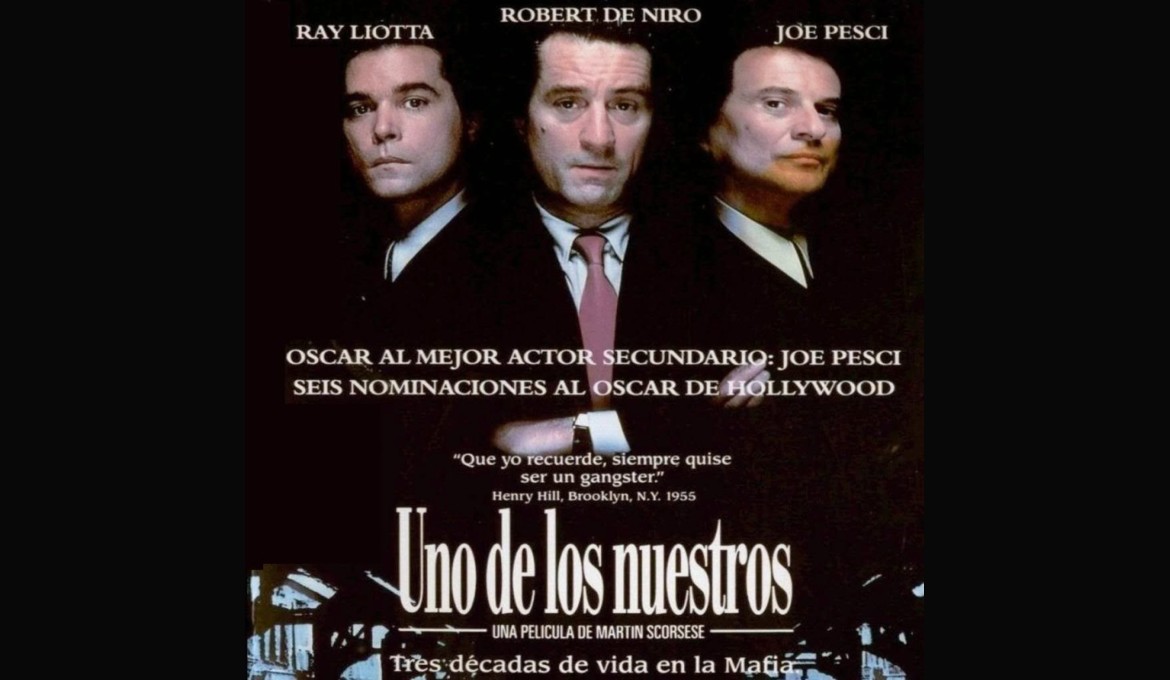 Dirigida por Martin Scorsese, se trata de una excelente película acerca de la mafia neoyorquina, extraída de la historia real del criminal Henry Hill. Aunque muchos hablan de que le aporta 'glamour' a la mafia (de lo atractivo que es ser un mafioso), es difícil negar el poder explosivo de esta cinta, que no ha perdido un ápice de interés muchos años después de su lanzamiento. El encanto de la mafia es precisamente de lo que trata la película. Henry Hill lo dice alto y claro al principio: "Desde que tengo memoria, siempre quise ser un gánster. Para mí, ser un gánster era mejor que ser presidente de los Estados Unidos".Unirse a la mafia local abre un mundo de posibilidades de trajes, coches de lujo, relojes de oro, mujeres hermosas... El elenco de la película es magnífico, particularmente Robert De Niro como el mentor de Henry Jimmy Conway y, en un giro desagradablemente jocoso, Joe Pesci como su compañero en el crimen, Tommy DeVito. DeVito muestra cómo al instante la buena vida puede dar paso a una horrible violencia, revelándonos una visión más sombría de la criminalidad.
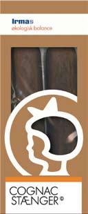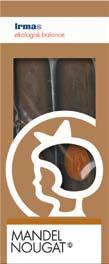 irmas Økologisk balance chokoladestænger, som er udviklet af Økoladen, er delvist håndlavede efter gamle håndværkstraditioner. Serien dækker alt fra marcipanbrød til ingefærstænger. Cognac- og mandelnougat: 29,50 kr. pr. pk. med 75 g.
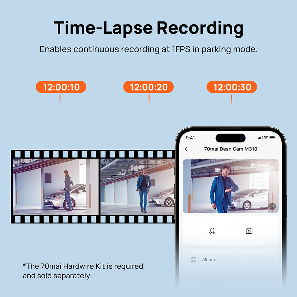🅿️ Mode Parking : surveillance 24h/24 même lorsque le véhicule est à l’arrêt (avec câble hardwire).
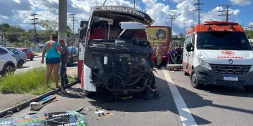 ADVERTISEMENTMANAUS (AM) – Um acidente entre um ônibus do transporte público e um micro-ônibus do transporte alternativo deixou várias pessoas feridas na tarde desta sexta-feira (2), na Torquato Tapajós. Em vídeos divulgados, é possível ver que a frente do alternativo foi totalmente arrancada. Uma mulher é vista ensanguentada no banco que fica atrás do motorista. … Continue lendo Urgente: Acidente gravíssimo entre ônibus e micro-ônibus deixa vários feridos na Torquato
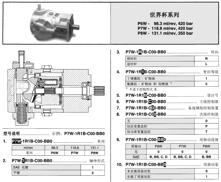 P6W-98.3 ml/rev,420bar  ,  P7W-118.8 ml/rev,420bar ,  P8W-131.1 ml/rev,350bar
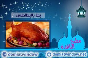 صنية بط بالبطاطس المكوّنات بطه 5 حبات من البطاطس 5 حبات من الطماطم 3 حبات بصل ملح وفلفل اسود حسب الرغبه طريقة التحضير تسلق البط كويس وبعدين نحمره ونسلق البطاطس بس شوي نطرب الطماطم في الخلاط الكهربائي نقطع البصل ونقلب على النار حتى يبقي لوان احمر. بعدين نضيف صلصه الطماطم نجيب صينيه …
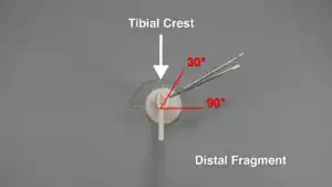 - For the distal fragment, the drill trajectory angles of both Schanz screws should be between 30°-90° relative to the tibial crest.
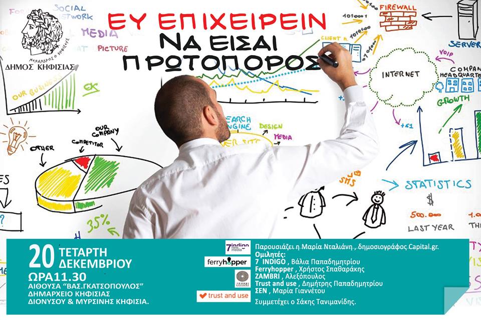 Την Τετάρτη 20 Δεκεμβρίου θα πραγματοποιηθεί εκδήλωση επιχειρηματικότητας που θα απευθύνεται σε μαθητές λυκείων του Δήμου Κηφισιάς.
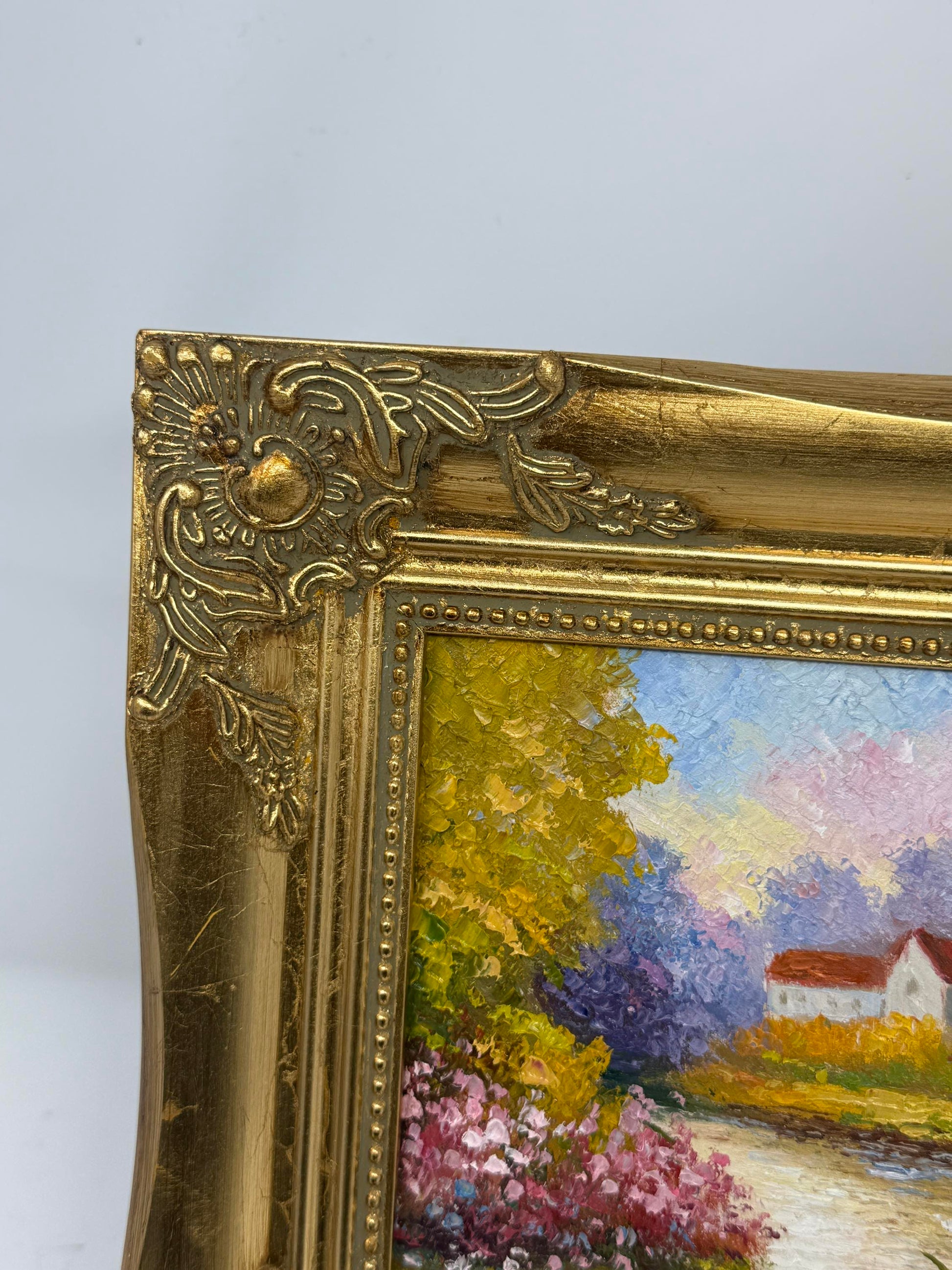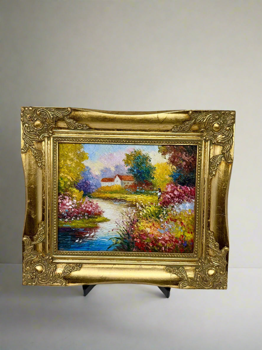 A quiet stream winds past flowering banks in radiant pinks, yellows, and greens, leading to a white cottage glowing in the afternoon light. Tall trees rise in the distance, their foliage soft against the sky, while swans drift gently across the water. Painted in lively, textured strokes, the scene brims with warmth, color, and countryside charm.
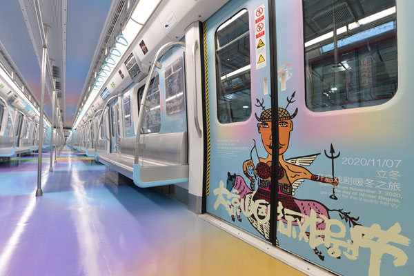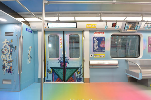 大涼山國(guó)際戲劇節(jié)主題列車在成都地鐵7號(hào)線開跑。整列車主視覺以幻彩色鋪設(shè)地面和天空,車身配以大涼山彝族傳統(tǒng)文化的圖騰符號(hào)及經(jīng)典戲劇中的獨(dú)特元素和臺(tái)詞,讓戲劇仿佛在您眼前上演。
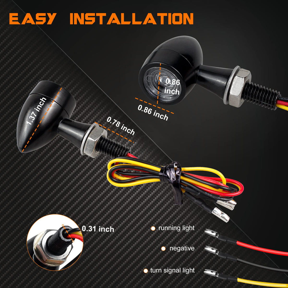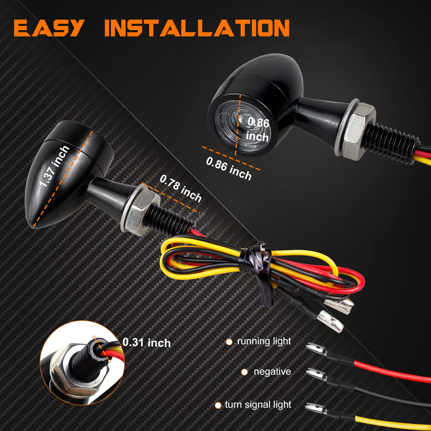 Quasco Universal Motorcycle Turn Signals Amber/Red Led Turn Signal Kit Rear Mini Blinkers Compatible With Harley Honda Suzuki Tr
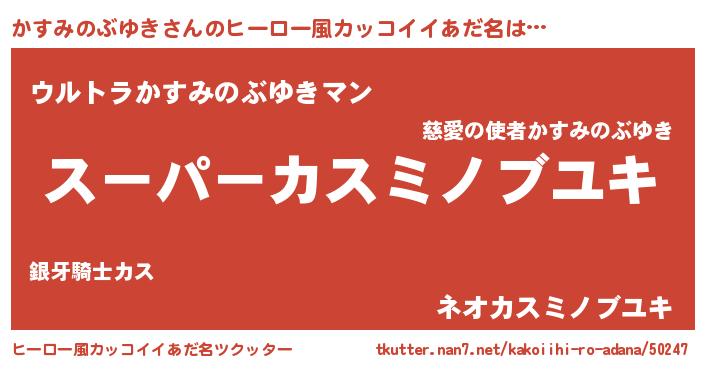| 女子向けラノベタイトル風あだ名 | 『かすみのぶゆきの玉の輿計画!』 |

- - - - -

WORK REQUIRED> Reproduce, exactly and without pictures, the lines above from the one containing "صنية بط بالبطاطس" through the last line of the material, both ends included, and nothing more.

WORKED SOLUTION>
 صنية بط بالبطاطس المكوّنات بطه 5 حبات من البطاطس 5 حبات من الطماطم 3 حبات بصل ملح وفلفل اسود حسب الرغبه طريقة التحضير تسلق البط كويس وبعدين نحمره ونسلق البطاطس بس شوي نطرب الطماطم في الخلاط الكهربائي نقطع البصل ونقلب على النار حتى يبقي لوان احمر. بعدين نضيف صلصه الطماطم نجيب صينيه …
 - For the distal fragment, the drill trajectory angles of both Schanz screws should be between 30°-90° relative to the tibial crest.
 Την Τετάρτη 20 Δεκεμβρίου θα πραγματοποιηθεί εκδήλωση επιχειρηματικότητας που θα απευθύνεται σε μαθητές λυκείων του Δήμου Κηφισιάς.
 A quiet stream winds past flowering banks in radiant pinks, yellows, and greens, leading to a white cottage glowing in the afternoon light. Tall trees rise in the distance, their foliage soft against the sky, while swans drift gently across the water. Painted in lively, textured strokes, the scene brims with warmth, color, and countryside charm.
 大涼山國(guó)際戲劇節(jié)主題列車在成都地鐵7號(hào)線開跑。整列車主視覺以幻彩色鋪設(shè)地面和天空,車身配以大涼山彝族傳統(tǒng)文化的圖騰符號(hào)及經(jīng)典戲劇中的獨(dú)特元素和臺(tái)詞,讓戲劇仿佛在您眼前上演。
 Quasco Universal Motorcycle Turn Signals Amber/Red Led Turn Signal Kit Rear Mini Blinkers Compatible With Harley Honda Suzuki Tr
| 女子向けラノベタイトル風あだ名 | 『かすみのぶゆきの玉の輿計画!』 |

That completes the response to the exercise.